Data section:
* * *
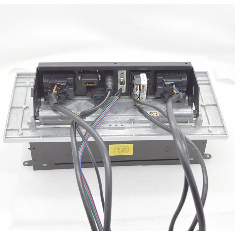 Enchufe de escritorio tipo oculto, toma de corriente emergente de mesa con VGA USB 3,5, Panel de aluminio de Audio, caja de conexión gratuita para conferencias de oficina
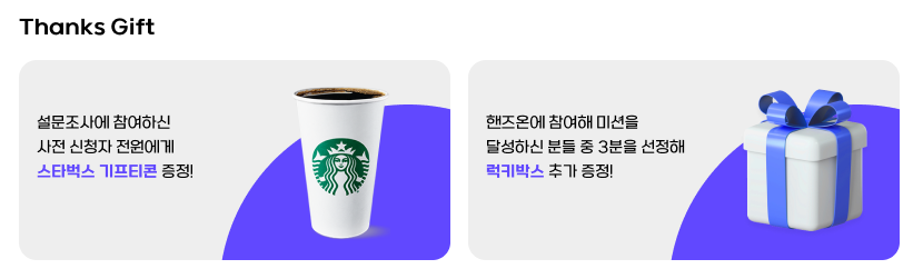🎁만족도 설문조사에 참여하신 사전 참가 신청자 전원에게는 스타벅스 기프티콘을 드립니다!
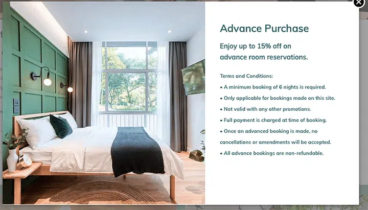 Also, this is probably a good time to point out that bookings are non-refundable and non-amendable! You need to click on the “Terms and Conditions” text (in the image 4 photos ago) and the below pops up.
* * *
Work to complete:
Pictures do not go in the copy. Write out exactly the lines from the line containing "스타벅스 기프티콘을 드립니다!" through the last line of the listing.

Answer section:
🎁만족도 설문조사에 참여하신 사전 참가 신청자 전원에게는 스타벅스 기프티콘을 드립니다!
 Also, this is probably a good time to point out that bookings are non-refundable and non-amendable! You need to click on the “Terms and Conditions” text (in the image 4 photos ago) and the below pops up.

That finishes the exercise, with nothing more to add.